Dataset records:
##########

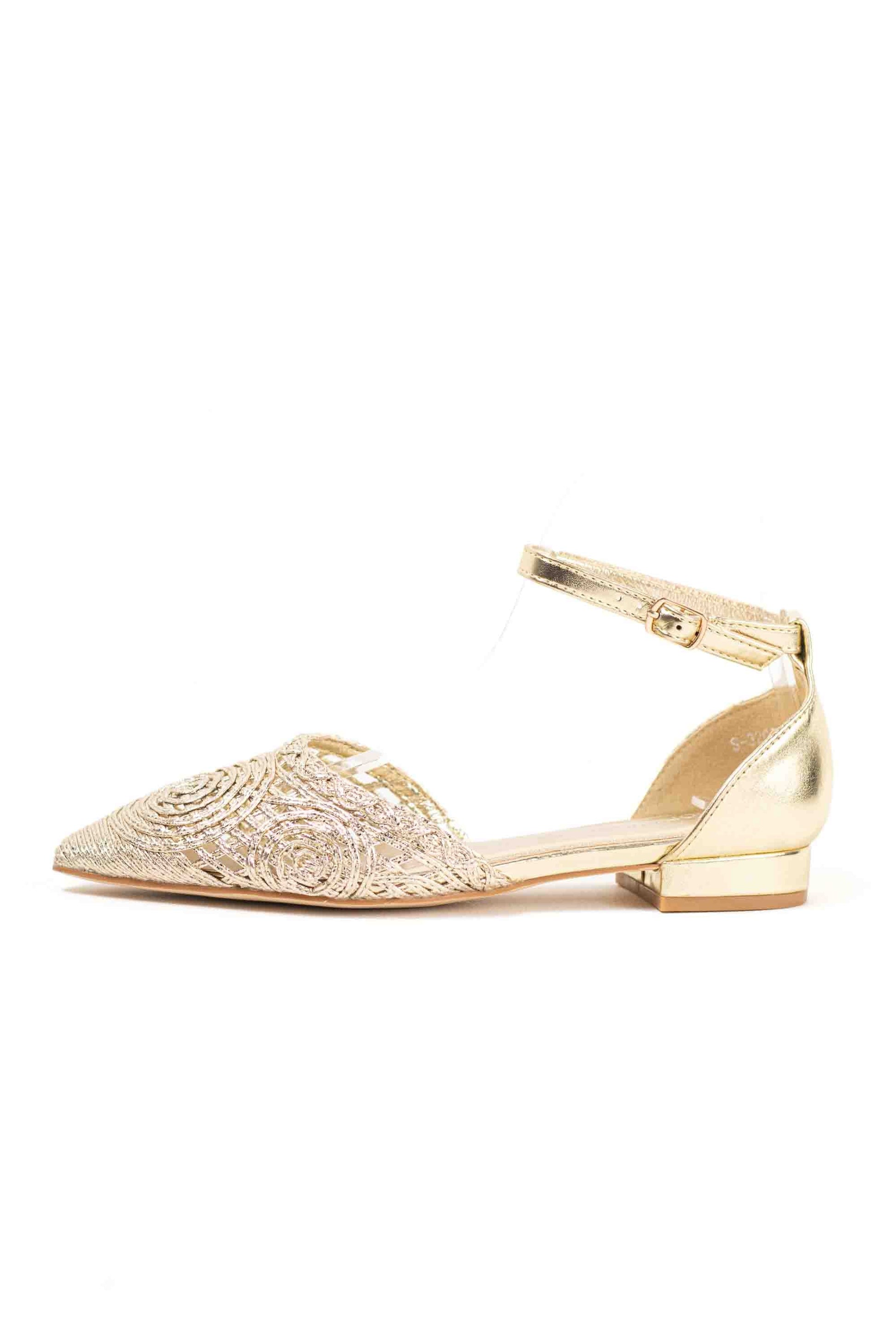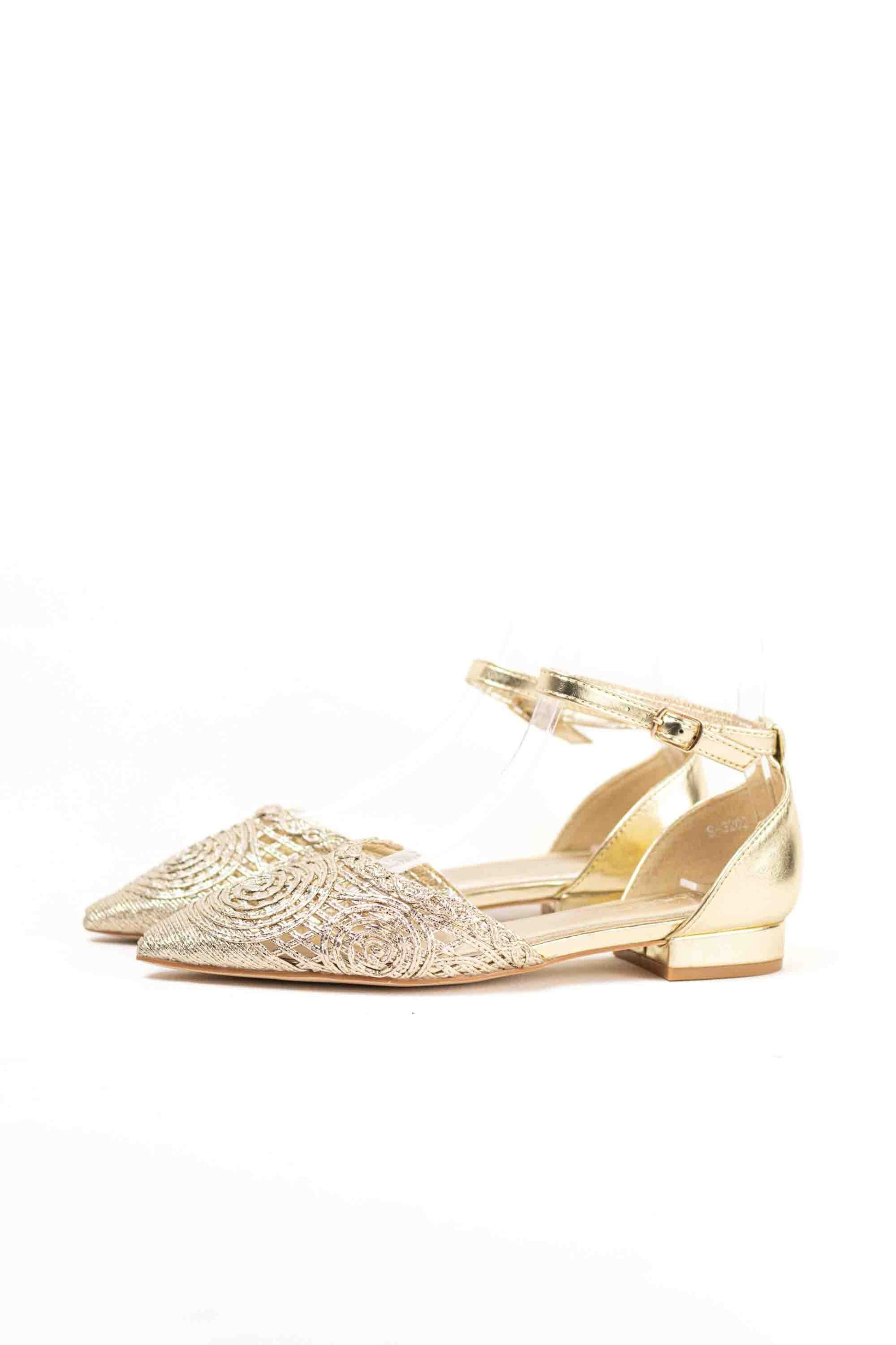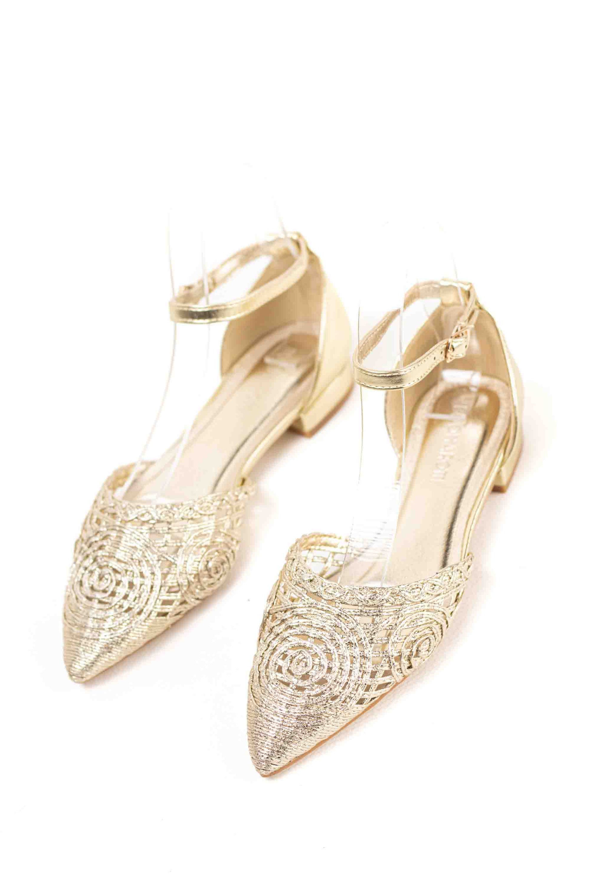 Zapatos dorados mujer con suela plana diseño crochet con pulsera
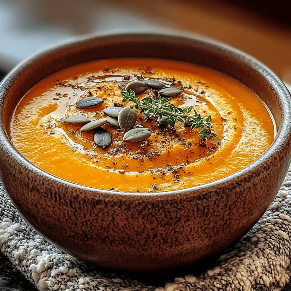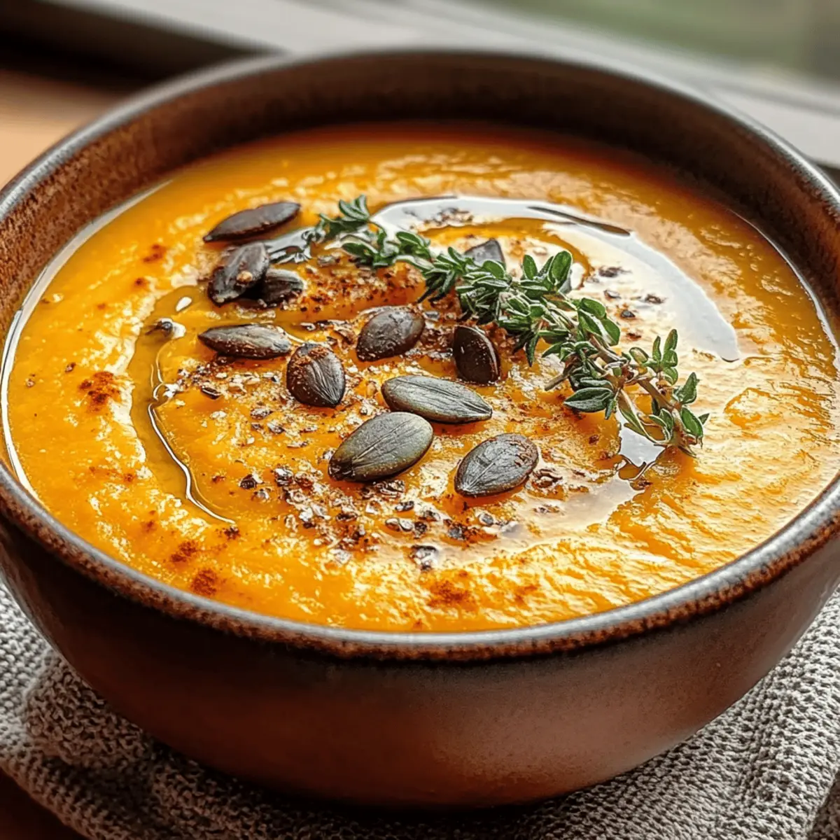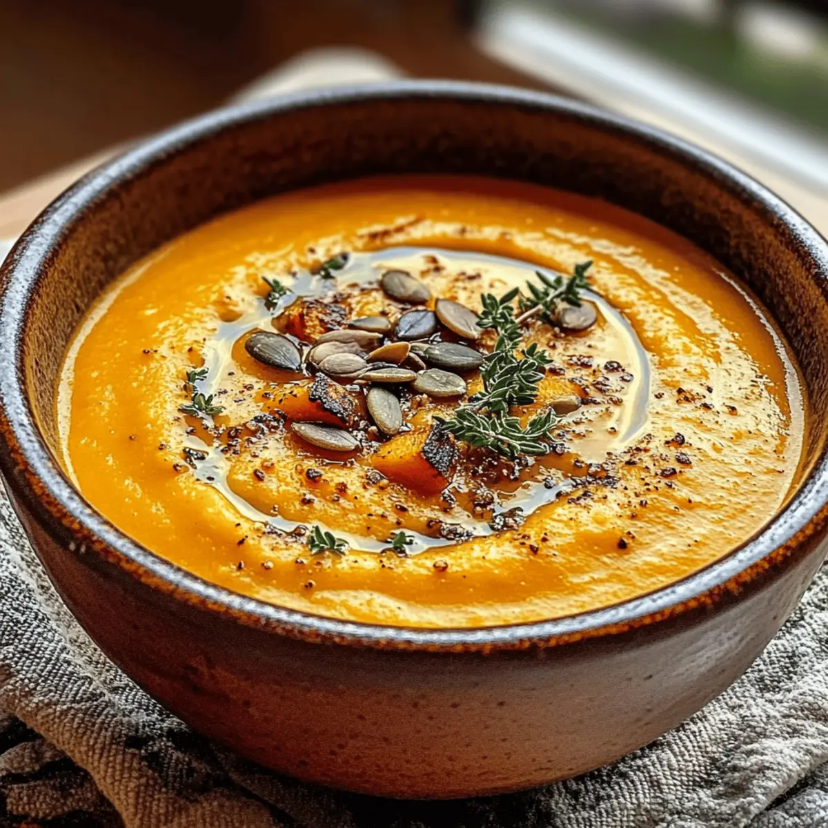 - Löffle die fertige Suppe in Schalen und garniere sie nach Belieben mit gerösteten Kürbiskernen und frischem Thymian.
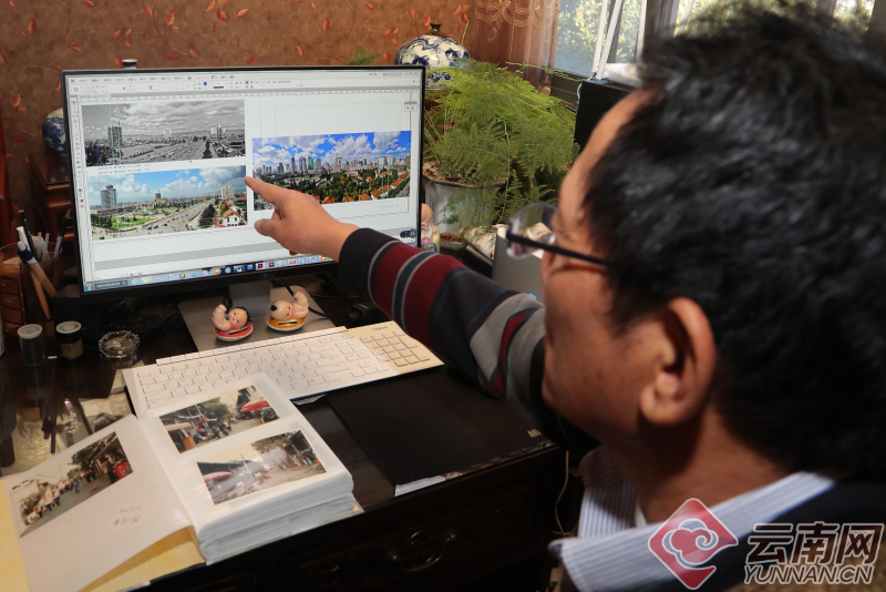 呈贡新区,张卫民正在电脑前整理着一本画册,每一页画面记录着近40年间昆明的城市面貌、规划建设和变迁印迹,他想把新老照片再进行对比疏理,为人们留下珍贵的影像资料。
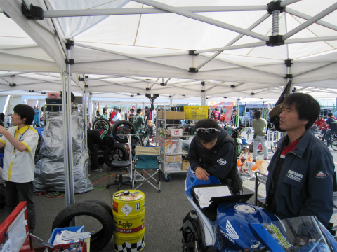 11:08 スタート進行 8:35に朝のウォーミングアップが終了。 パドックで、決勝に向けてマシンを整備。 決勝用に3セット目のタイヤに交換し、購入したガソリンを給油。 最終的なセッティングに合わせて、マシンを準備。 10:30から始まったJ-GP3の決勝が終わり、表彰式を行っている間、マシンをピットロードに並べコースインの準備をします。 |
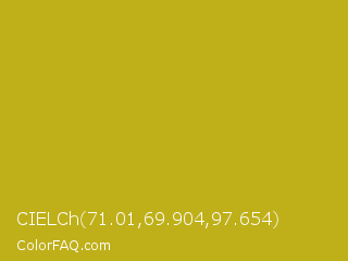 CIELCh 71.01,69.904,97.654 Color is a normal yellow color and the nearest color is Sahara #b7a214. Hex code #bfb01a and RGB value is rgb(191,176,26). In RGB color space, this color is composed of 75% red, 69% green, 10% blue, In CMYK color space, this color is composed of 0% cyan, 8% magenta, 86% yellow , 25% black , In HSL color space, this color has a hue angle of 55° , 76% saturation and 43% lightness.
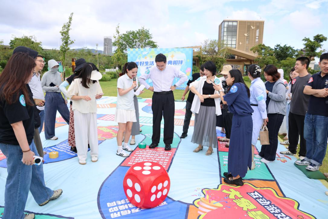 知识比拼环节,采用“真人飞行棋”的竞赛方式,每个格子对应不同难度的知识问答,回答正确即可获得相应积分。各组成员依次摇色子前进,大家群策群力不断围绕《中华人民共和国民法典》婚姻家庭编的相关知识点展开了激烈的角逐,一路过关斩将赢取积分。经过紧张刺激的比拼,最终决出了优胜团队,并颁发了精美礼品以示鼓励。
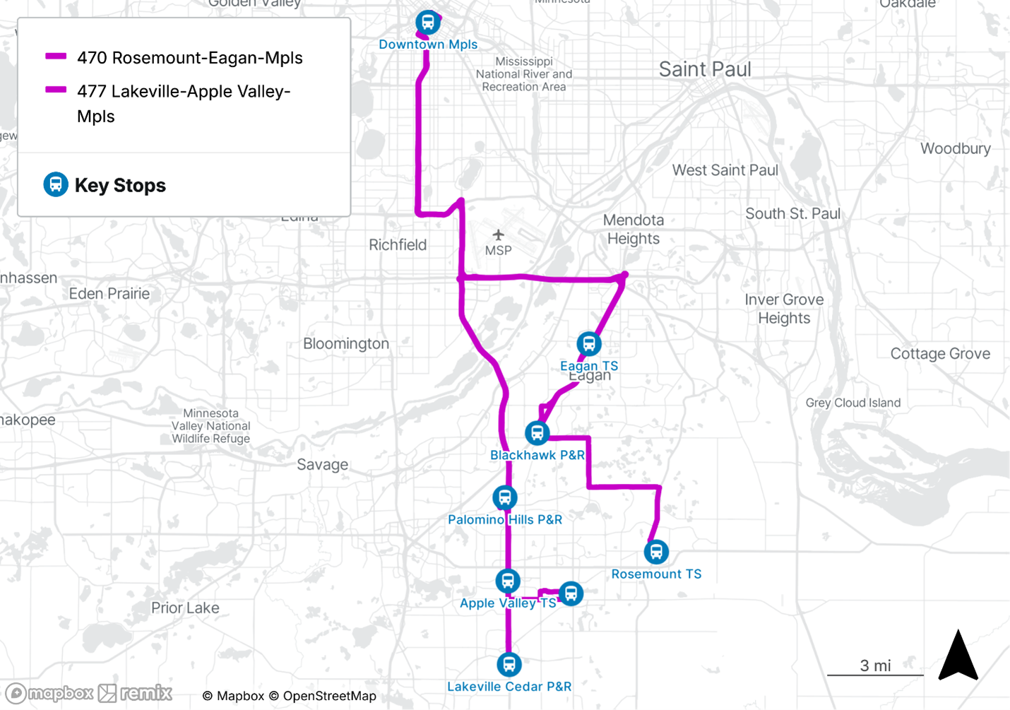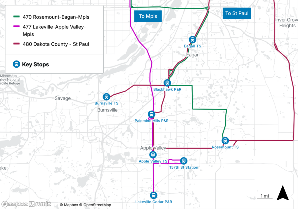 Route 472 will be suspended. Riders at Blackhawk Park & Ride and Rosemount Transit Station will have service available via an extension of Route 470. Riders at Palomino Hills Park & Ride will have service available via a new route 477 P pattern, which will provide trips from 157th Street Station, Apple Valley Transit Station, and Palomino Hills Park & Ride to Downtown Minneapolis.
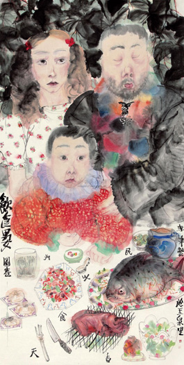 同文人墨客的清高相比,李津作品传达的是世俗的情调。画面中的人物,随性勾勒,或恬淡,或呆滞,或惊悚。这些作品用色鲜明夺目,凸显出画中的美味艳情。
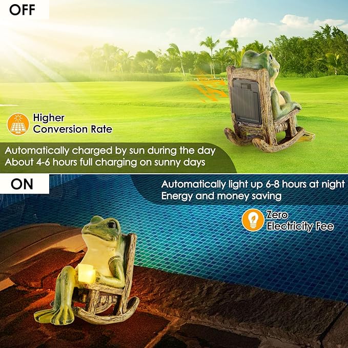 - 🐸Notice: It is not a large-sized frog statue, so please ensure to check the dimensions before making your purchase🐸. We take your shopping experience very seriously, If you have any questions about solar frog, please contact us directly to provide you with a satisfactory after-sales guarantee.
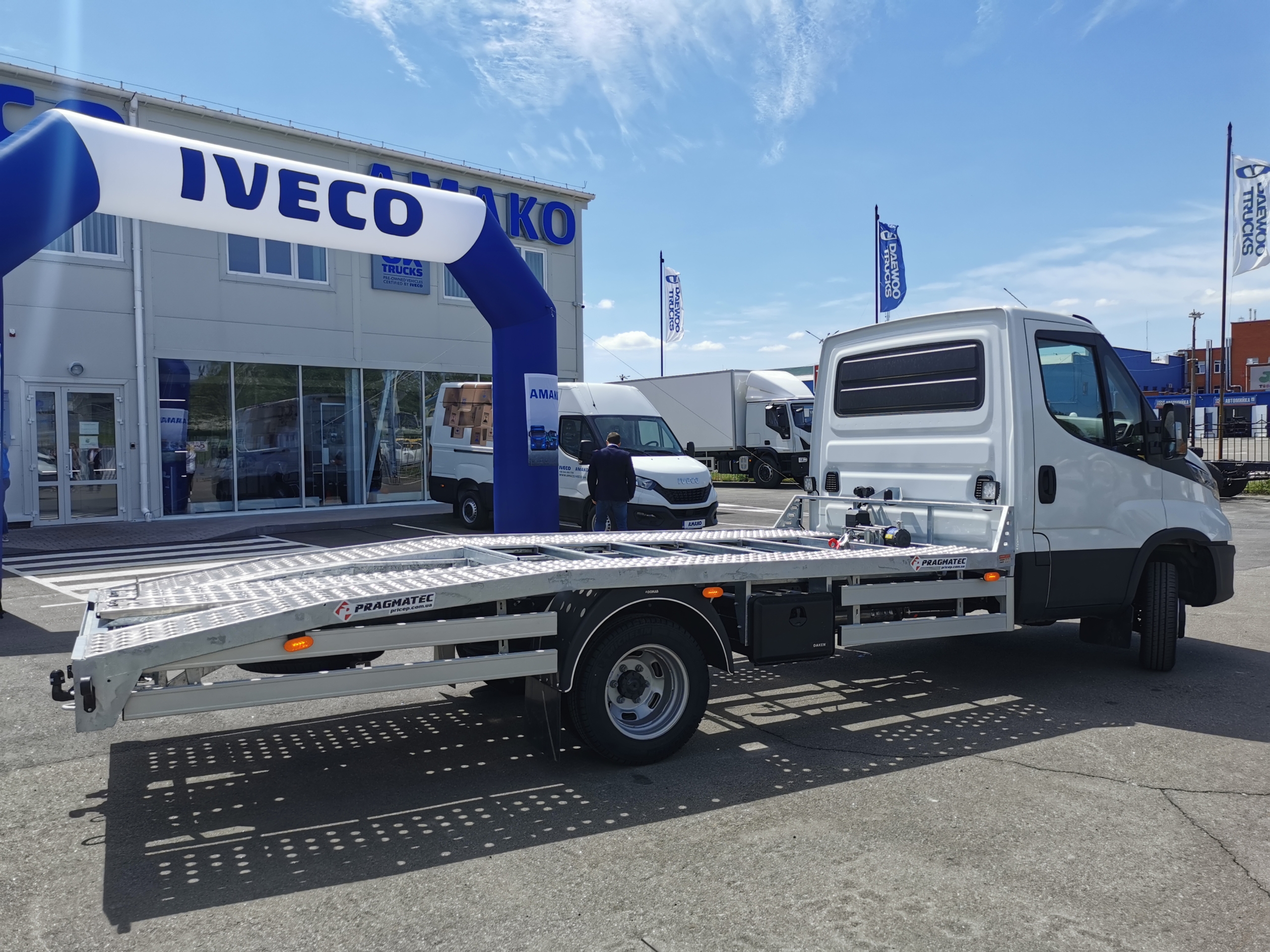 Чергова новинка від компанії АМАКО – автовоз на базі IVECO Daily, оснащений надбудовою від вітчизняного заводу причіпної техніки “Прагматек”. Завдяки гарячій оцинковці сталева платформа має хороший антикорозійний захист.
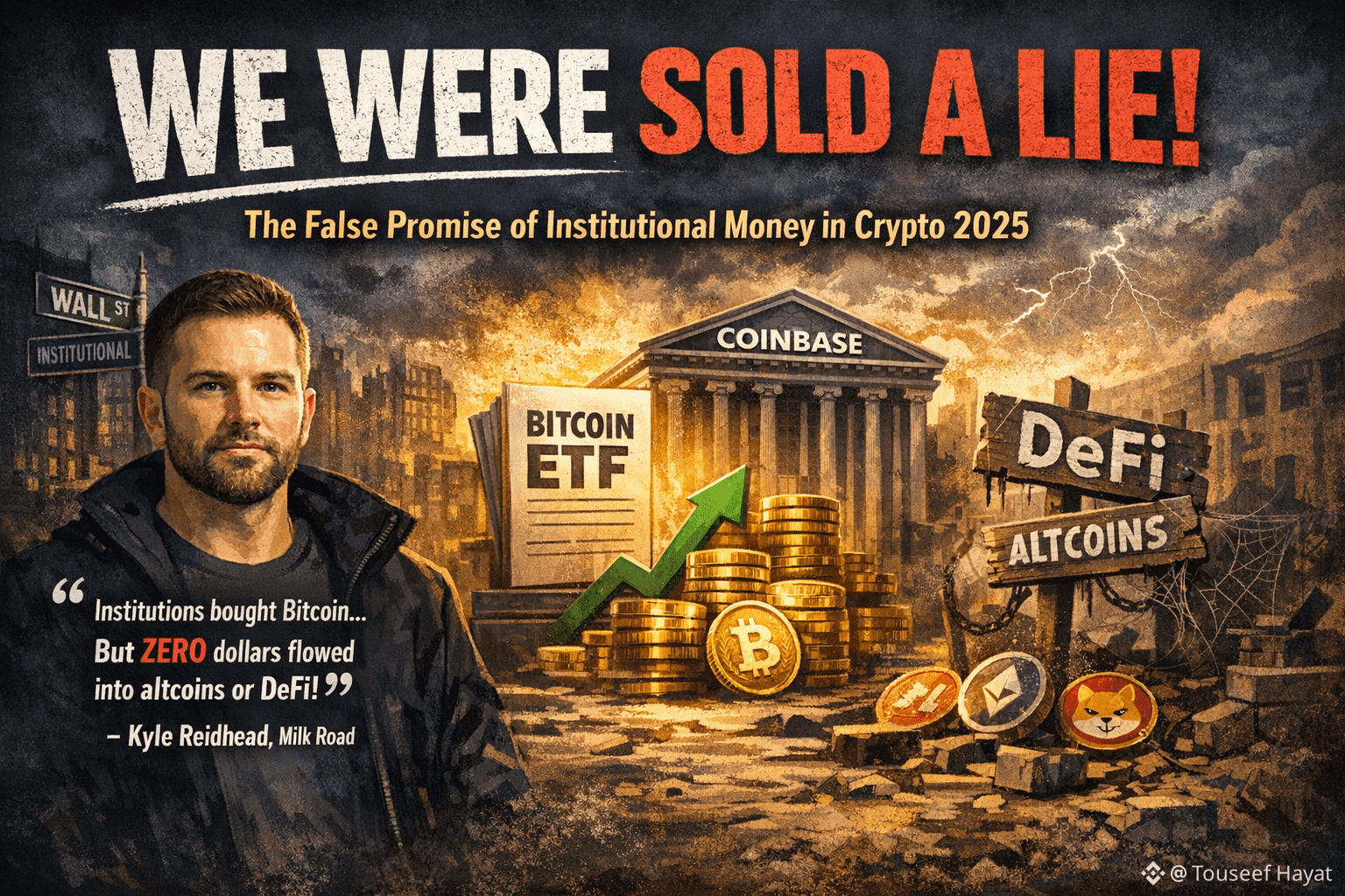 In 2025, the crypto world was sold a compelling narrative: institutional money is finally flowing into digital assets, bringing legitimacy, liquidity, and the long-awaited bull market. Big players were supposed to be entering the market — traditional finance (TradFi) institutions eagerly allocating capital into Bitcoin, altcoins, and DeFi. But if you step back and look at what actually happened, the story is very different.
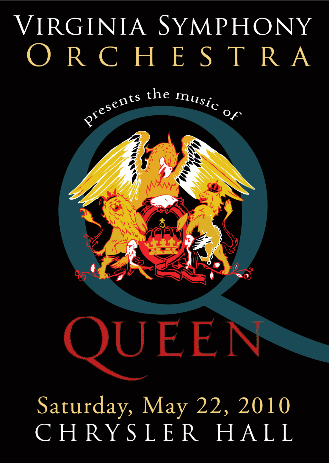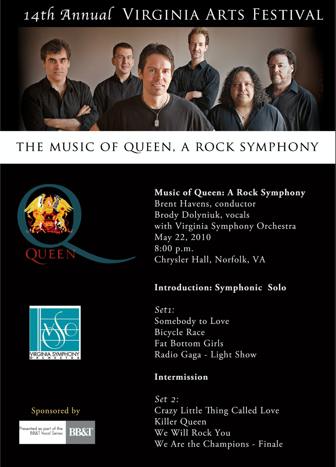 Event program for the Virginia Symphony Orchestra's Music of Queen, A Rock Symphony. Created in Photoshop. Circa 2010.

##########

Your objective
The lines from the one containing "In 2025, the" through the final line of the data are to be repeated exactly, with both ends included and all pictures left out.

Solution to the exercise
 In 2025, the crypto world was sold a compelling narrative: institutional money is finally flowing into digital assets, bringing legitimacy, liquidity, and the long-awaited bull market. Big players were supposed to be entering the market — traditional finance (TradFi) institutions eagerly allocating capital into Bitcoin, altcoins, and DeFi. But if you step back and look at what actually happened, the story is very different.
 Event program for the Virginia Symphony Orchestra's Music of Queen, A Rock Symphony. Created in Photoshop. Circa 2010.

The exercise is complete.